Because we want to findout about the most common words, we simply split all the words in the cleaned_text column and then with the most_common() function, we count and sort all the most frequently used words by each candidate in both debates. I applied the most_common function on concatinated version of first and second dataframes, but you can do the same for each separately. ***(I did so at first but there wasn't much difference.
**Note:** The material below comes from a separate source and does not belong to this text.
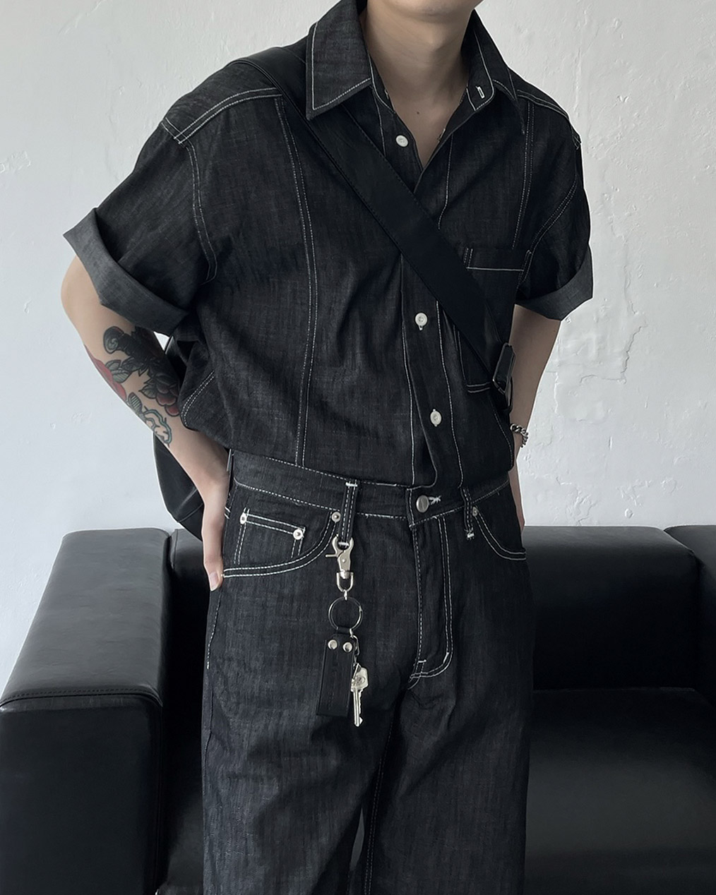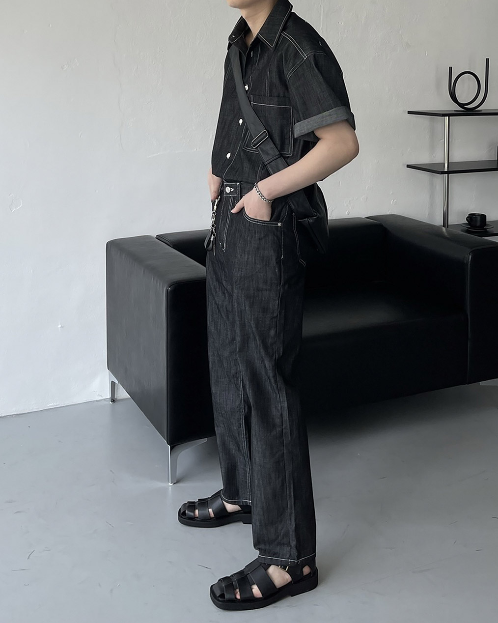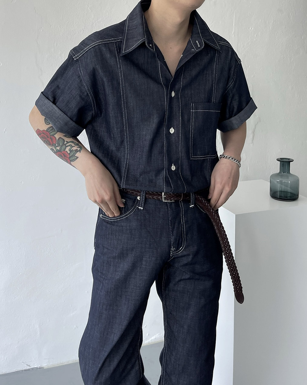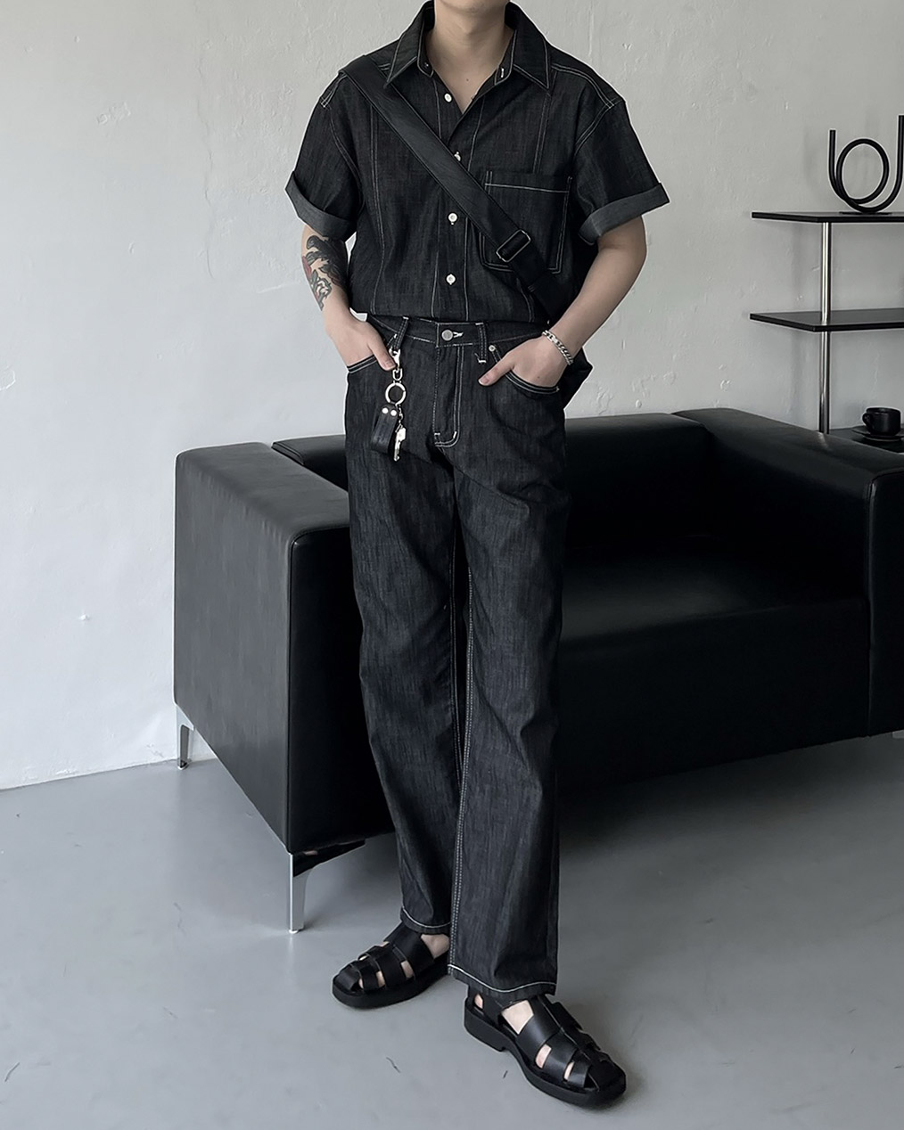 175cm 60kg / 팬츠 S size, 반팔 셔츠 Free Size 착용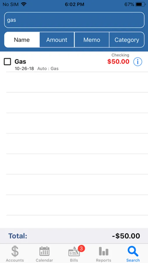 - Searching by payee name, transaction amount, memo field and category. Search results will be all transactions that match the specified search value.

Turns out people have the propensity to use the same lexicon and structure, given different topics and situations.)***

In [None]:
first['words'] = first['cleaned_text'].apply(lambda x:x.split())
second['words'] = second['cleaned_text'].apply(lambda x:x.split())

def most_common(df, name, top_n):
    list_ = []
    for w in df[df.speaker == name].words:
        list_.extend(w)
    Counter_1 = Counter(list_) 
    most_occured = Counter_1.most_common(top_n) 
    return most_occured

Trump_w = most_common(pd.concat([first, second], axis = 0), 'Donald Trump', 60)
Biden_w = most_common(pd.concat([first, second], axis = 0), 'Joe Biden', 60)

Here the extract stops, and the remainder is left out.